_Your objective_: An exact copy of the listing below is the answer, with the pictures removed.

_Dataset extract_:
▼

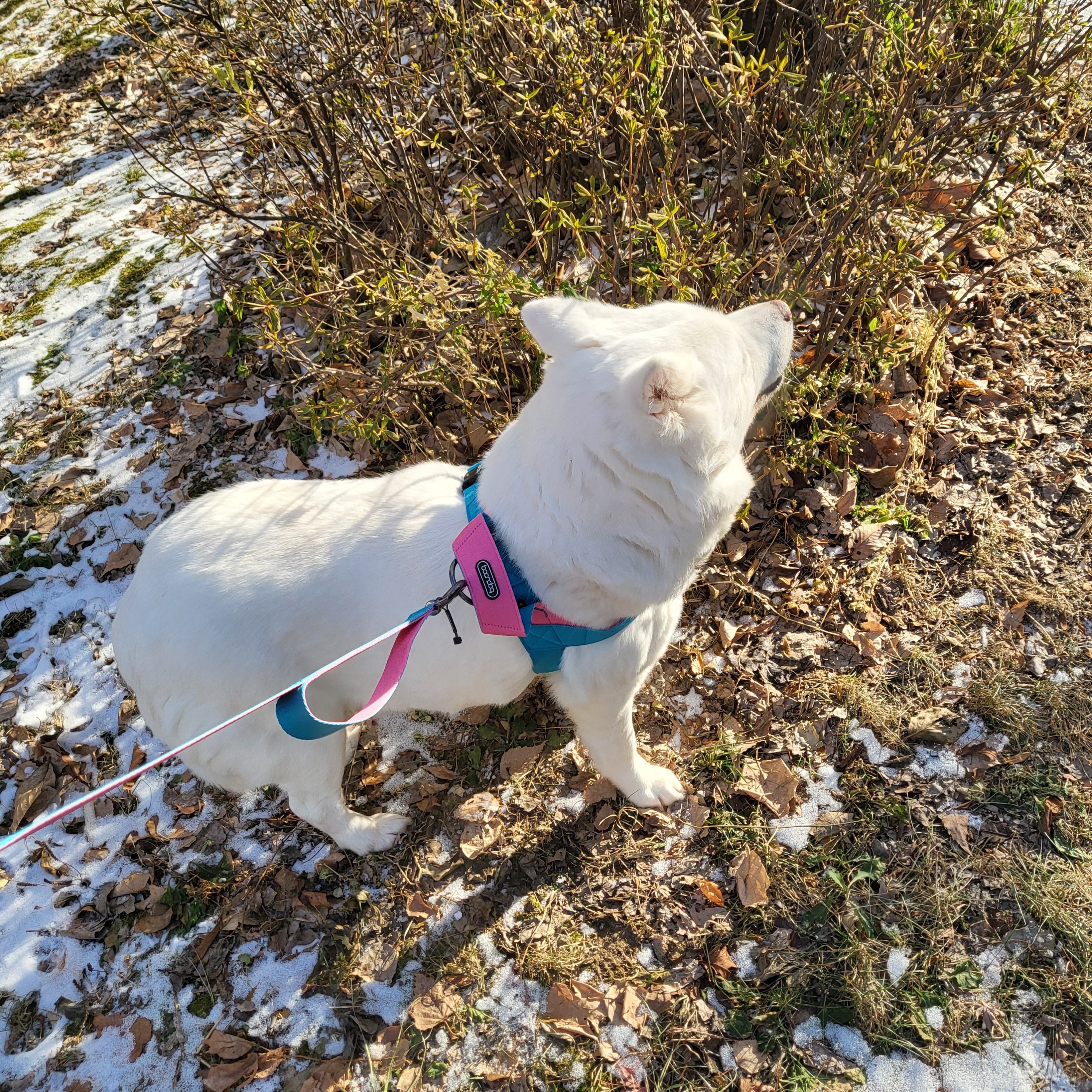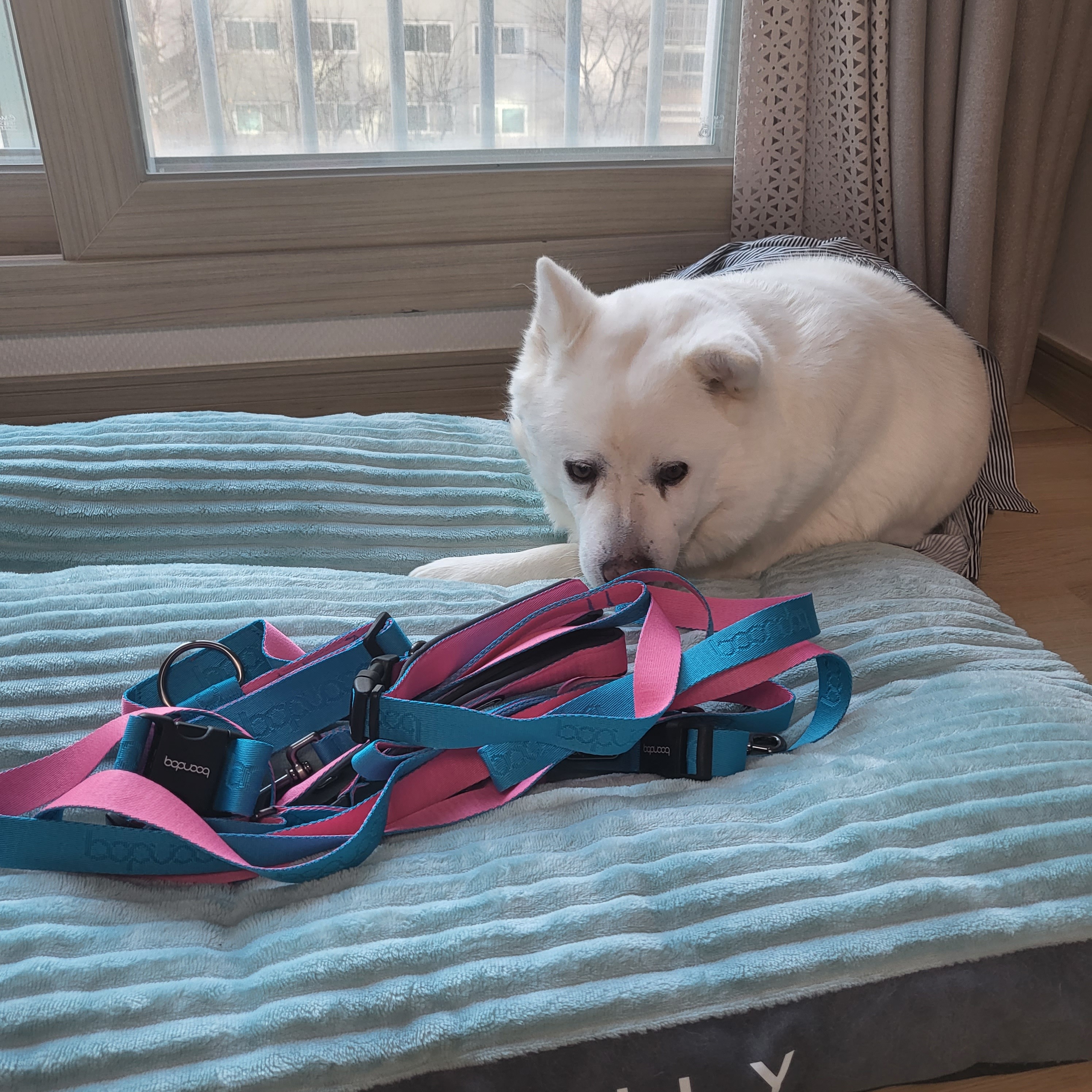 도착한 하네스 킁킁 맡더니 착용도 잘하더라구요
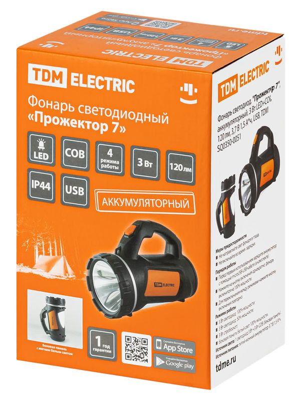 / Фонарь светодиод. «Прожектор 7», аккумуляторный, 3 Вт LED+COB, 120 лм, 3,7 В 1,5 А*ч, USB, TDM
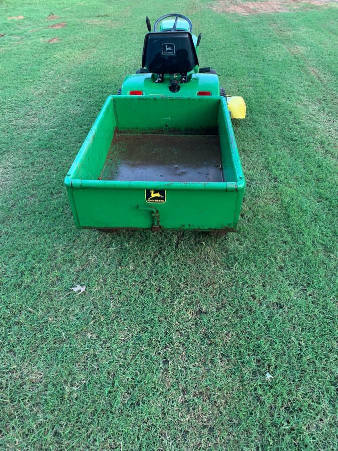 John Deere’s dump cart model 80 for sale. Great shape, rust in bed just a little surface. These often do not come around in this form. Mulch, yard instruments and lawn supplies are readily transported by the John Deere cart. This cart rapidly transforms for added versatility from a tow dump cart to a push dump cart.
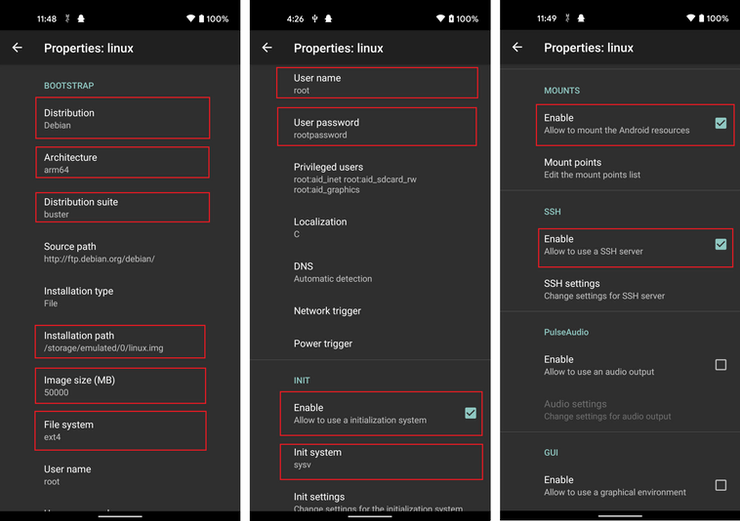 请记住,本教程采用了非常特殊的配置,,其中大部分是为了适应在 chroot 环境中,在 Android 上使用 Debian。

▲

_The answer_:
 도착한 하네스 킁킁 맡더니 착용도 잘하더라구요
 / Фонарь светодиод. «Прожектор 7», аккумуляторный, 3 Вт LED+COB, 120 лм, 3,7 В 1,5 А*ч, USB, TDM
 John Deere’s dump cart model 80 for sale. Great shape, rust in bed just a little surface. These often do not come around in this form. Mulch, yard instruments and lawn supplies are readily transported by the John Deere cart. This cart rapidly transforms for added versatility from a tow dump cart to a push dump cart.
 请记住,本教程采用了非常特殊的配置,,其中大部分是为了适应在 chroot 环境中,在 Android 上使用 Debian。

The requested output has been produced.